Yes, the AML has been an issue since the 1990s. The available files from the Department of Justice indicate that the NZ and the Reserve Bank did not want to participate in the FATF process, other than as observers. In fact, the Treasury did not even bother because it could countenance any form of regulation or scrutiny of foreign exchange flows. It had also set up the trust law loophole creating a tax haven.
What I found most fascinating are the cognitive biases. We all have them of course. In this realm, future political and other social scientists will find a rich seam. As far as I can tell, there’s no lack of genuine intent, or any improper motives, even in DIA and MoJ, the traditional homes of closed minds (we know best and will listen to anyone who agrees with us). Most people truly believe they are doing the right thing. And that is the barrier, when belief trumps cold hard analysis the capacity to actually match it with objective reality and better social and economic outcomes is lost. I expect that’s why good people leave, and the staunchest believers stay and are promoted. It took me a while, but the bloody head was the giveaway to the existence of a brick wall. Most of my focus is overseas where people care about better outcomes. A pity, because NZ could be a leader in this area, with vastly better outcomes.
Ron, maybe because NZ is a leader on the wrong side in this area, is the reason and pity NZ is not a leader in righting the wrongs. People on the wrong side and the right side being often associated. NZ is very small.
That is true so it is possible Colin, though with people I assume the positive until proven otherwise. Whilst some evidence is certainly odd, most thus far is consistent with officials genuinely doing what they think best, with no improper motive. Comfortable in the dominant narrative, and dismiss rather than explore anything contrary to the status-quo narrative, irrespective that it might offer better social & economic outcomes for NZ & NZ leadership on world stage for other countries’ benefit too.

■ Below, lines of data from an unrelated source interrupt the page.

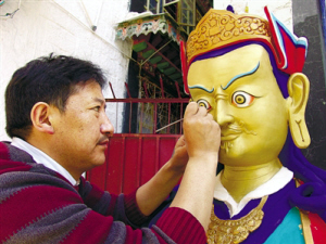 西藏自治區(qū)拉薩市城關(guān)區(qū)恰彩崗路11號(hào)是八廓街東面諸多巷院里一個(gè)極其普通的大院。在這里,一個(gè)集土建、唐卡繪畫(huà)、金屬雕刻、木雕、古藝建筑研究、西藏傳統(tǒng)手工藝技能培訓(xùn)為一體的國(guó)家文化產(chǎn)業(yè)示范基地——拉薩古藝建筑美術(shù)公司就坐落在這個(gè)古樸的大院內(nèi)。
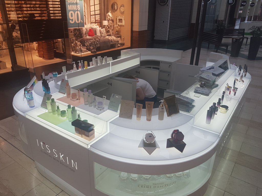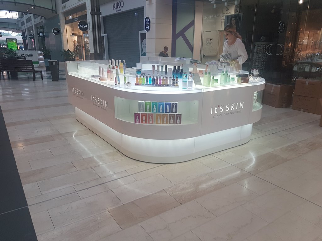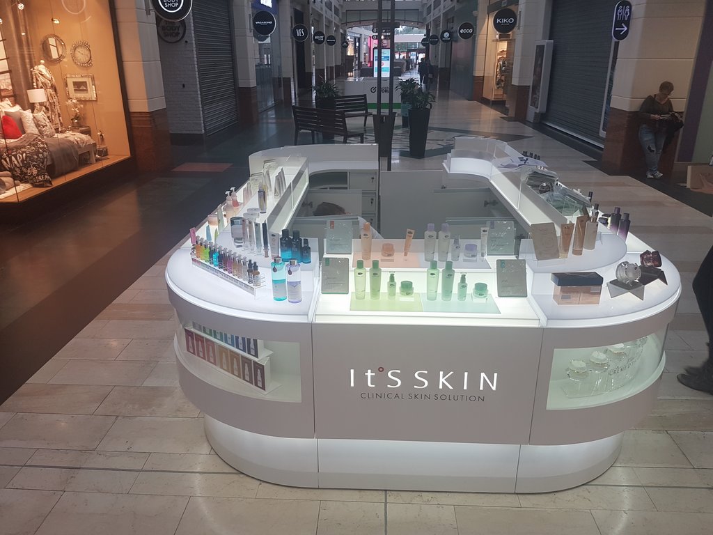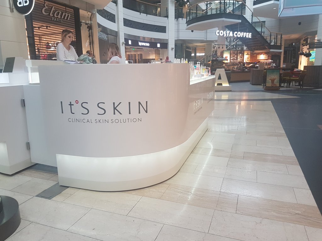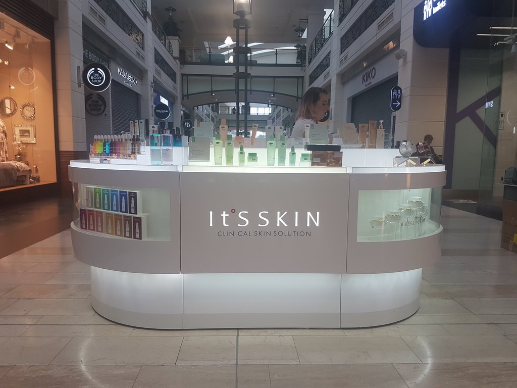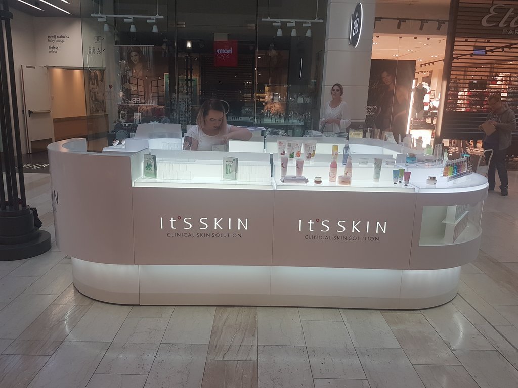 Ekskluzywna wyspa handlowa z kosmetykami dla marki It’s Skin w Galerii Handlowej Arkadia w Warszawie. To już druga wyspa dla firmy z kosmetykami koreańskimi po kiosku w Galerii Mokotów.
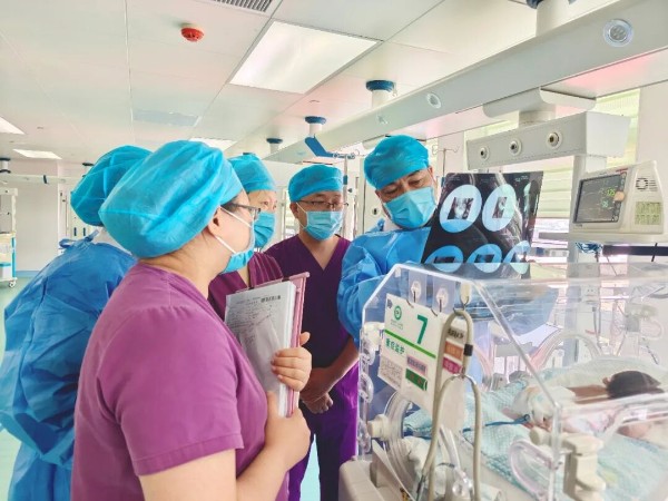 危急时刻,漯河市第二人民医院迅速启动应急预案,新生儿科团队第一时间赶到产房,保暖处理隔绝低温,无创呼吸支持为微弱的呼吸提供支撑……每一步都精准而迅速。随后,通过绿色生命通道,患儿被快速转入NICU,为后续的救治赢得了宝贵的时间。
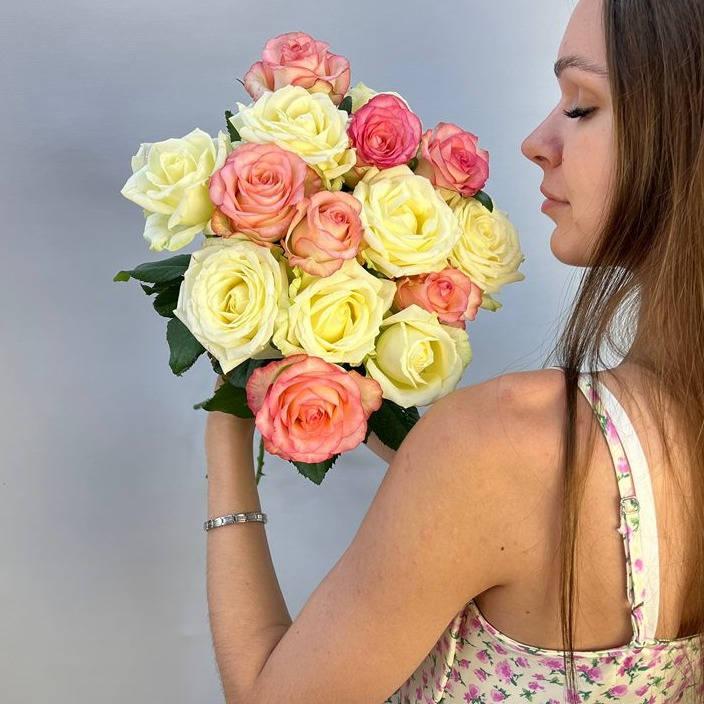 Букет цветов н21 - Бело-розовые розы
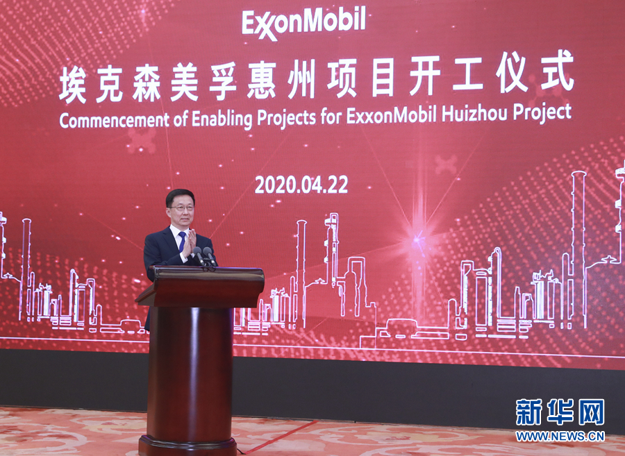 4月22日,埃克森美孚在粵港澳大灣區(qū)投資建設(shè)的廣東惠州乙烯項(xiàng)目舉行“云開工”儀式。中共中央政治局常委、國務(wù)院副總理韓正出席并宣布項(xiàng)目開工。 新華社記者 丁林 攝

I used to assume the positive too Ron, until when proven corruption was ignored and covered up by those liable for taking action and delivering justice against it. The legal industry have a status quo that require them to put the legal industry ahead of the victims of it. For instance, where your lawyer knows the other lawyers are abetting fraud against you, they cover up for their lawyer colleagues and clients rather than pursue justice for their fraud against you.

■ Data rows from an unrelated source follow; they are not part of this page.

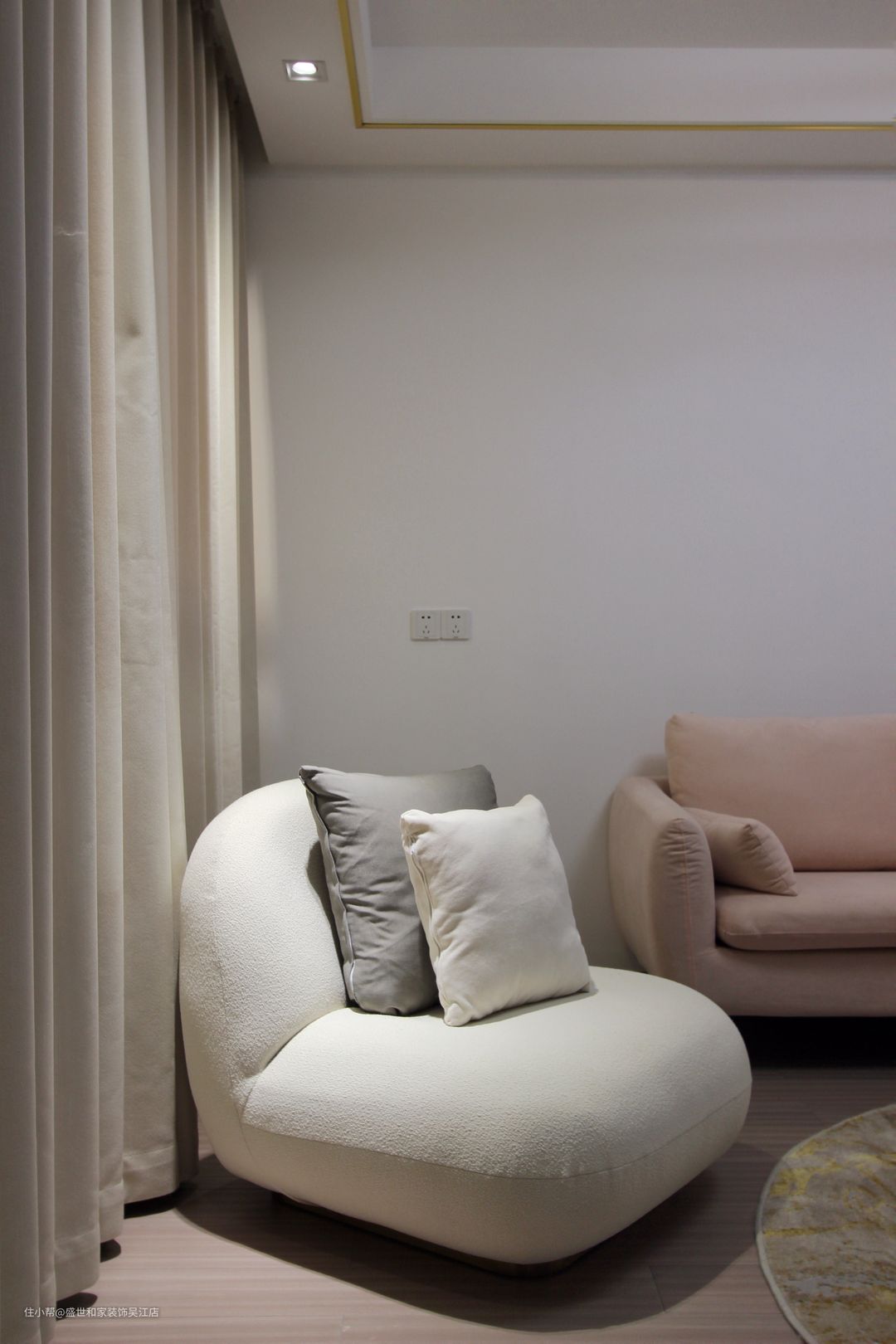 粉色沙发+白色单人椅,冷静而内敛,柔美而活泼。
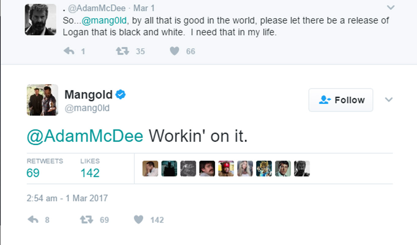 So how can Logan director, James Mangold improve on this? Or the question should be – should he even try? Well, on the day of Logan’s release Mangold took to twitter to reply to one eager fan’s plea to him to deliver a version in black and white. His simply reply ‘Workin’ on it’ could this be an unofficial announcement that we can expect to witness this deeply brutal westernesque last stand in black and white for the DVD/Blu-ray release in a few months time?
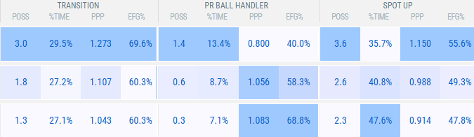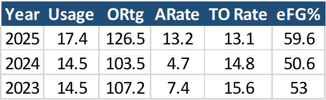Looking at the year by year Synergy play type splits, Chase has increased his volume while also increasing his efficiency across the top-3 play types, per game (2025 is a the top, 2023 at the bottom).

That’s awful Colin, nor my experience of lawyers. This is no legal advice, but any lawyer that does that faces serious consequences. Lawyers have a fundamental obligation to uphold the rule of law & administration of justice, must not assist/facilitate any person in crime/fraud, or its concealment, and must take steps to prevent crime/fraud through their services. They also must disclose confidential information relating to anticipated commission of serious crime/fraud, and any lawyer with reasonable grounds to suspect another lawyer of misconduct must report it to the Law Society. Failings here are themselves grounds for misconduct, which NZLS takes very seriously (Lawyers & Conveyancers Act & Rules of Conduct, section 4, Rules 2.4, 2.8, 8.2, 8.4, 11).
Thanks for your empathy Ron. Lawyers’ status quo however is to refer to Chapter 10, “Respect and courtesy”, Rule 10.1, “A lawyer must treat other lawyers with respect and courtesy.”
When our lawyer was certain enough to detail in writing the lawyer-corruption within the fraud being perpetrated again us, the corrupt lawyer phoned our lawyer and threatened his professional and personal wellbeing with a complaint to the Law Society for breaching Rule 10.1. Our lawyer backed down despite knowing a fraud was being perpetrated.
Lawyers, including our own, prefer that we are defrauded than bringing their legal industry into disrepute.